What's the format of the index files?

meager siren
#

The original format was a sharded trie (1 trie per starting character). All tries were nested dict structures

timid sphinx
#

Omg

meager siren
#

That 5+ minute runtime for tries was with the OOP deserialization on a heavily sharded set of tries (I had done additional sharding to keep file size down so that the deserialization could go faster)

timid sphinx
#

It's so overengineered

#

You should have a vocabulary of words, a single trie. Loaded once.

#

Everything else should be plain arrays

#

Documents should be processed once and converted into a weighted list of word ids

meager siren
timid sphinx
#

Before any queries ever happen

#

How large?

meager siren
#

Well over 2M last I checked

#

gimme a sec to confirm

timid sphinx
#

That's at most 30 MB stored, no? Maybe 100 MB

#

Peanuts

meager siren
#

I was wrong.
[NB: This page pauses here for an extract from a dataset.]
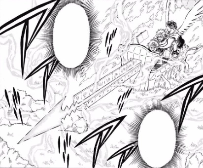 El usuario de Magia de Acero crea una balista, que el usuario de Magia de Rayo ajusta con una flecha grande que tiene una punta en forma de rayo. El usuario de Magia de Alas apoya a los otros dos desde atrás. La orientación también es ajustable, gracias a la capacidad del usuario de Magia de Rayo de detectar el maná.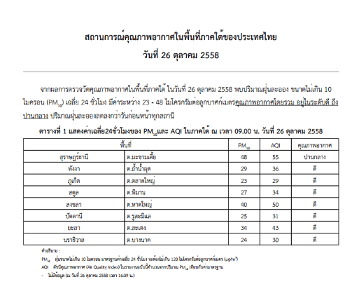 นอกจากจะรายงานสถาพมลพิษทางอากาศแล้วยังมี หน้า สถานการณ์หมอกควัน ซึ่งเมื่อคลิกแล้วจะเป็น ประกาศสรุปสถานการณ์หมอกควันในไทยด้วย

It's 42M unique words captured

#

(with stemming & lemmatizing)

timid sphinx
#

That's a bit worse

#

Do you want it to run on commodity hardware?

meager siren
#

I kinda did

#

But after working on this for over 6 months, I'm not sure.

#

My server has done a lot of the compute work because it'll give results faster

timid sphinx
#

I am sure it is possible

meager siren
#

especially preprocessing

timid sphinx
#

I bet it can run on commodity hardware but the way you are doing it in python...

meager siren
#

This is sort of where I was hoping something like category grouping could help streamline search results down better than the plain inverted index.

meager siren
timid sphinx
#

If you want things fast, you can't read from disk so much, you can't use so many tries (bad memory access patterns), especially made out of python dicts, you shouldn't use heavyweight serialization libraries and heavyweight data structures (e.g. dataframes)

#

Disk access is extremely slow compared to memory

#

Especially with hdds

meager siren
#

I'm still following except for the "read from disk" aspect. Commodity hardware these days is still floating at around 8 - 16 GB RAM (even though it's not expensive to upgrade unless you have a laptop)

timid sphinx
#

Mmmm well at least don't do heavy deserialization. Difficult in python I guess

#

Idk how realistic it is to have a mmaped data structure in python

meager siren
#

I wonder how software like elasticsearch does it

#

(first step probably is 1: use C or rust)

#

Oh damn, their repo is 99% Java

meager siren
# timid sphinx Mmmm well at least don't do heavy deserialization. Difficult in python I guess

So effectively, here's what I'm thinking from the feedback.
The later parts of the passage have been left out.